### [PROBLEM DETAILS]
Give every entry again, word for word and in full.

Items from a data source
____
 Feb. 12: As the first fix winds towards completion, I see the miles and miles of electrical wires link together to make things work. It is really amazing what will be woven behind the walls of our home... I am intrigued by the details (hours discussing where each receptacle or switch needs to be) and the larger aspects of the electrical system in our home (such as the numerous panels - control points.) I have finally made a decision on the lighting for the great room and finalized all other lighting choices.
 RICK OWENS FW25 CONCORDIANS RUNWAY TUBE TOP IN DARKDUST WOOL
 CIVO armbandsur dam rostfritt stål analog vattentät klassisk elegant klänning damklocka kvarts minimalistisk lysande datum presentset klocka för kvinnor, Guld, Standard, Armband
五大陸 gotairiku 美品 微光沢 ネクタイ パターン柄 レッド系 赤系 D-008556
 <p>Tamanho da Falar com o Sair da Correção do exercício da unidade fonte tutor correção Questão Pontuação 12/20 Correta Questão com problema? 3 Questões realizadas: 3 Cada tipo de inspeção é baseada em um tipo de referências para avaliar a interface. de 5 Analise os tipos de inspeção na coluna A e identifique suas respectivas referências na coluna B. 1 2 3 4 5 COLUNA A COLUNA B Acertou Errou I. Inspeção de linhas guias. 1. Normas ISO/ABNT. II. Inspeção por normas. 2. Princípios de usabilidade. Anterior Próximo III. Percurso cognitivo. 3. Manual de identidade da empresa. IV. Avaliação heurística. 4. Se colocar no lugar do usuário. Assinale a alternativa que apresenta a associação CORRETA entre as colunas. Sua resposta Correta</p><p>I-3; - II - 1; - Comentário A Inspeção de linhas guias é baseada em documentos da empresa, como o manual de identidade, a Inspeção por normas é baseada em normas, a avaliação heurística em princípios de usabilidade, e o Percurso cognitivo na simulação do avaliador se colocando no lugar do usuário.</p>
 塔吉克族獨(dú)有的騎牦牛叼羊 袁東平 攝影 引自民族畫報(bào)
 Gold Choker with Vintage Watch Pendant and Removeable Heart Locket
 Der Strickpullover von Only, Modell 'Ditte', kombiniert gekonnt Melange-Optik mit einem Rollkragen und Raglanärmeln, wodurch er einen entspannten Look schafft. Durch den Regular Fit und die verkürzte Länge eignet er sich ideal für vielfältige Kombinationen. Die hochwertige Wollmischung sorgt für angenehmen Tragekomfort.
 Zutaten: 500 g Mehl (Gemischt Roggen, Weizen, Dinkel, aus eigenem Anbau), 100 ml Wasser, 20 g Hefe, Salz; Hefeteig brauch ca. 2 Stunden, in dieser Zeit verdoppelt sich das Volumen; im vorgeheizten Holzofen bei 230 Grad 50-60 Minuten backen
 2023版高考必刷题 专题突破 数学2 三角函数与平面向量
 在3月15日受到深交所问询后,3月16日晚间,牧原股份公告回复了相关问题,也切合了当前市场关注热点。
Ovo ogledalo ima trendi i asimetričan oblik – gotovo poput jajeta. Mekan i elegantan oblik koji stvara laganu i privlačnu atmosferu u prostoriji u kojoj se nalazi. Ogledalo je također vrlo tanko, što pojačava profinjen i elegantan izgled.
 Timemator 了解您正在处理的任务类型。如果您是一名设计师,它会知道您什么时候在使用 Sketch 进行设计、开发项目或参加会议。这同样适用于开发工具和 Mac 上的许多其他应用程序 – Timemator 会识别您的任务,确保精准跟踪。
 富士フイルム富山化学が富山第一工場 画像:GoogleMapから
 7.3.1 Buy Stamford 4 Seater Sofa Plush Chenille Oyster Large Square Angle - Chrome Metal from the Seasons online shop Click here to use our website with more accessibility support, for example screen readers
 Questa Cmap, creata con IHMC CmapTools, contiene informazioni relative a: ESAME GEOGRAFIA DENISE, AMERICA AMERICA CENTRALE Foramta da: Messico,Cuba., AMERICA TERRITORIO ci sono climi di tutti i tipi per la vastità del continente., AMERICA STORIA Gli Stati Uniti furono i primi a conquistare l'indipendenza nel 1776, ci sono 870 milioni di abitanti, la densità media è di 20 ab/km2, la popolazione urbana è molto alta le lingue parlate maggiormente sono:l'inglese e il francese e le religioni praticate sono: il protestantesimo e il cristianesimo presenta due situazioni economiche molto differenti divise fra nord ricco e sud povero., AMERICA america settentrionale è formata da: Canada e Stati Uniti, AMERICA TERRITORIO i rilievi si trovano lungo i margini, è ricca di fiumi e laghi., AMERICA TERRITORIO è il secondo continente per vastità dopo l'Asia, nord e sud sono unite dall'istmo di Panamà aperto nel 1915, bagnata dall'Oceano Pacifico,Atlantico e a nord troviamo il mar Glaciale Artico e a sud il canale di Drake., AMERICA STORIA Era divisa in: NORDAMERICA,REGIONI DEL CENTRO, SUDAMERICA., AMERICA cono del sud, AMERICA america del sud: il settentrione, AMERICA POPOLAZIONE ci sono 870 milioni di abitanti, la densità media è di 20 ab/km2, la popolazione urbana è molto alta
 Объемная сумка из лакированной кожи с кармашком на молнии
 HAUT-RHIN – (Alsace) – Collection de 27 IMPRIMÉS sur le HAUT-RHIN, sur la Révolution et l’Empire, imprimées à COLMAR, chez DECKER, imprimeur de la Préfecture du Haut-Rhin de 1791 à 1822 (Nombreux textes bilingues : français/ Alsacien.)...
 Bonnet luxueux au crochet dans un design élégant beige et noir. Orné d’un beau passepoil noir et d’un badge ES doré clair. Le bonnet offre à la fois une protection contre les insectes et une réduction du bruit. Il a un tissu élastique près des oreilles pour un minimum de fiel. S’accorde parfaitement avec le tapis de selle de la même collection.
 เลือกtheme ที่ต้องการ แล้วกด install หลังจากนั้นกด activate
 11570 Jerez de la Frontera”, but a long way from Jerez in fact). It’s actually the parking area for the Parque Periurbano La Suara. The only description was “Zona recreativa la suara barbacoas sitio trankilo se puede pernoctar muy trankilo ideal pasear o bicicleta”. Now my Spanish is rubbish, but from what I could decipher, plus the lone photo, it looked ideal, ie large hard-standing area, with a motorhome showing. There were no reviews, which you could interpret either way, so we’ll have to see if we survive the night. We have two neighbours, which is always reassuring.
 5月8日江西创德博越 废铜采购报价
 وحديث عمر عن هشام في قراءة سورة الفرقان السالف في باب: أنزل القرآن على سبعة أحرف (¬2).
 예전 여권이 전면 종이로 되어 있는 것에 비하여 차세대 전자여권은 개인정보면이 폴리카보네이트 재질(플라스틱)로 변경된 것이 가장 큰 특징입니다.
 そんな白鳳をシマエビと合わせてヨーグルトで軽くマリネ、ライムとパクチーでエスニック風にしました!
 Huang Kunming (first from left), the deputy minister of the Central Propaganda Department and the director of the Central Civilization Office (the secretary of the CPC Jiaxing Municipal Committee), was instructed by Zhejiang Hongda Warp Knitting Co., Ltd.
____
### [ANSWER TO THIS PROBLEM]
 Feb. 12: As the first fix winds towards completion, I see the miles and miles of electrical wires link together to make things work. It is really amazing what will be woven behind the walls of our home... I am intrigued by the details (hours discussing where each receptacle or switch needs to be) and the larger aspects of the electrical system in our home (such as the numerous panels - control points.) I have finally made a decision on the lighting for the great room and finalized all other lighting choices.
 RICK OWENS FW25 CONCORDIANS RUNWAY TUBE TOP IN DARKDUST WOOL
 CIVO armbandsur dam rostfritt stål analog vattentät klassisk elegant klänning damklocka kvarts minimalistisk lysande datum presentset klocka för kvinnor, Guld, Standard, Armband
五大陸 gotairiku 美品 微光沢 ネクタイ パターン柄 レッド系 赤系 D-008556
 <p>Tamanho da Falar com o Sair da Correção do exercício da unidade fonte tutor correção Questão Pontuação 12/20 Correta Questão com problema? 3 Questões realizadas: 3 Cada tipo de inspeção é baseada em um tipo de referências para avaliar a interface. de 5 Analise os tipos de inspeção na coluna A e identifique suas respectivas referências na coluna B. 1 2 3 4 5 COLUNA A COLUNA B Acertou Errou I. Inspeção de linhas guias. 1. Normas ISO/ABNT. II. Inspeção por normas. 2. Princípios de usabilidade. Anterior Próximo III. Percurso cognitivo. 3. Manual de identidade da empresa. IV. Avaliação heurística. 4. Se colocar no lugar do usuário. Assinale a alternativa que apresenta a associação CORRETA entre as colunas. Sua resposta Correta</p><p>I-3; - II - 1; - Comentário A Inspeção de linhas guias é baseada em documentos da empresa, como o manual de identidade, a Inspeção por normas é baseada em normas, a avaliação heurística em princípios de usabilidade, e o Percurso cognitivo na simulação do avaliador se colocando no lugar do usuário.</p>
 塔吉克族獨(dú)有的騎牦牛叼羊 袁東平 攝影 引自民族畫報(bào)
 Gold Choker with Vintage Watch Pendant and Removeable Heart Locket
 Der Strickpullover von Only, Modell 'Ditte', kombiniert gekonnt Melange-Optik mit einem Rollkragen und Raglanärmeln, wodurch er einen entspannten Look schafft. Durch den Regular Fit und die verkürzte Länge eignet er sich ideal für vielfältige Kombinationen. Die hochwertige Wollmischung sorgt für angenehmen Tragekomfort.
 Zutaten: 500 g Mehl (Gemischt Roggen, Weizen, Dinkel, aus eigenem Anbau), 100 ml Wasser, 20 g Hefe, Salz; Hefeteig brauch ca. 2 Stunden, in dieser Zeit verdoppelt sich das Volumen; im vorgeheizten Holzofen bei 230 Grad 50-60 Minuten backen
 2023版高考必刷题 专题突破 数学2 三角函数与平面向量
 在3月15日受到深交所问询后,3月16日晚间,牧原股份公告回复了相关问题,也切合了当前市场关注热点。
Ovo ogledalo ima trendi i asimetričan oblik – gotovo poput jajeta. Mekan i elegantan oblik koji stvara laganu i privlačnu atmosferu u prostoriji u kojoj se nalazi. Ogledalo je također vrlo tanko, što pojačava profinjen i elegantan izgled.
 Timemator 了解您正在处理的任务类型。如果您是一名设计师,它会知道您什么时候在使用 Sketch 进行设计、开发项目或参加会议。这同样适用于开发工具和 Mac 上的许多其他应用程序 – Timemator 会识别您的任务,确保精准跟踪。
 富士フイルム富山化学が富山第一工場 画像:GoogleMapから
 7.3.1 Buy Stamford 4 Seater Sofa Plush Chenille Oyster Large Square Angle - Chrome Metal from the Seasons online shop Click here to use our website with more accessibility support, for example screen readers
 Questa Cmap, creata con IHMC CmapTools, contiene informazioni relative a: ESAME GEOGRAFIA DENISE, AMERICA AMERICA CENTRALE Foramta da: Messico,Cuba., AMERICA TERRITORIO ci sono climi di tutti i tipi per la vastità del continente., AMERICA STORIA Gli Stati Uniti furono i primi a conquistare l'indipendenza nel 1776, ci sono 870 milioni di abitanti, la densità media è di 20 ab/km2, la popolazione urbana è molto alta le lingue parlate maggiormente sono:l'inglese e il francese e le religioni praticate sono: il protestantesimo e il cristianesimo presenta due situazioni economiche molto differenti divise fra nord ricco e sud povero., AMERICA america settentrionale è formata da: Canada e Stati Uniti, AMERICA TERRITORIO i rilievi si trovano lungo i margini, è ricca di fiumi e laghi., AMERICA TERRITORIO è il secondo continente per vastità dopo l'Asia, nord e sud sono unite dall'istmo di Panamà aperto nel 1915, bagnata dall'Oceano Pacifico,Atlantico e a nord troviamo il mar Glaciale Artico e a sud il canale di Drake., AMERICA STORIA Era divisa in: NORDAMERICA,REGIONI DEL CENTRO, SUDAMERICA., AMERICA cono del sud, AMERICA america del sud: il settentrione, AMERICA POPOLAZIONE ci sono 870 milioni di abitanti, la densità media è di 20 ab/km2, la popolazione urbana è molto alta
 Объемная сумка из лакированной кожи с кармашком на молнии
 HAUT-RHIN – (Alsace) – Collection de 27 IMPRIMÉS sur le HAUT-RHIN, sur la Révolution et l’Empire, imprimées à COLMAR, chez DECKER, imprimeur de la Préfecture du Haut-Rhin de 1791 à 1822 (Nombreux textes bilingues : français/ Alsacien.)...
 Bonnet luxueux au crochet dans un design élégant beige et noir. Orné d’un beau passepoil noir et d’un badge ES doré clair. Le bonnet offre à la fois une protection contre les insectes et une réduction du bruit. Il a un tissu élastique près des oreilles pour un minimum de fiel. S’accorde parfaitement avec le tapis de selle de la même collection.
 เลือกtheme ที่ต้องการ แล้วกด install หลังจากนั้นกด activate
 11570 Jerez de la Frontera”, but a long way from Jerez in fact). It’s actually the parking area for the Parque Periurbano La Suara. The only description was “Zona recreativa la suara barbacoas sitio trankilo se puede pernoctar muy trankilo ideal pasear o bicicleta”. Now my Spanish is rubbish, but from what I could decipher, plus the lone photo, it looked ideal, ie large hard-standing area, with a motorhome showing. There were no reviews, which you could interpret either way, so we’ll have to see if we survive the night. We have two neighbours, which is always reassuring.
 5月8日江西创德博越 废铜采购报价
 وحديث عمر عن هشام في قراءة سورة الفرقان السالف في باب: أنزل القرآن على سبعة أحرف (¬2).
 예전 여권이 전면 종이로 되어 있는 것에 비하여 차세대 전자여권은 개인정보면이 폴리카보네이트 재질(플라스틱)로 변경된 것이 가장 큰 특징입니다.
 そんな白鳳をシマエビと合わせてヨーグルトで軽くマリネ、ライムとパクチーでエスニック風にしました!
 Huang Kunming (first from left), the deputy minister of the Central Propaganda Department and the director of the Central Civilization Office (the secretary of the CPC Jiaxing Municipal Committee), was instructed by Zhejiang Hongda Warp Knitting Co., Ltd.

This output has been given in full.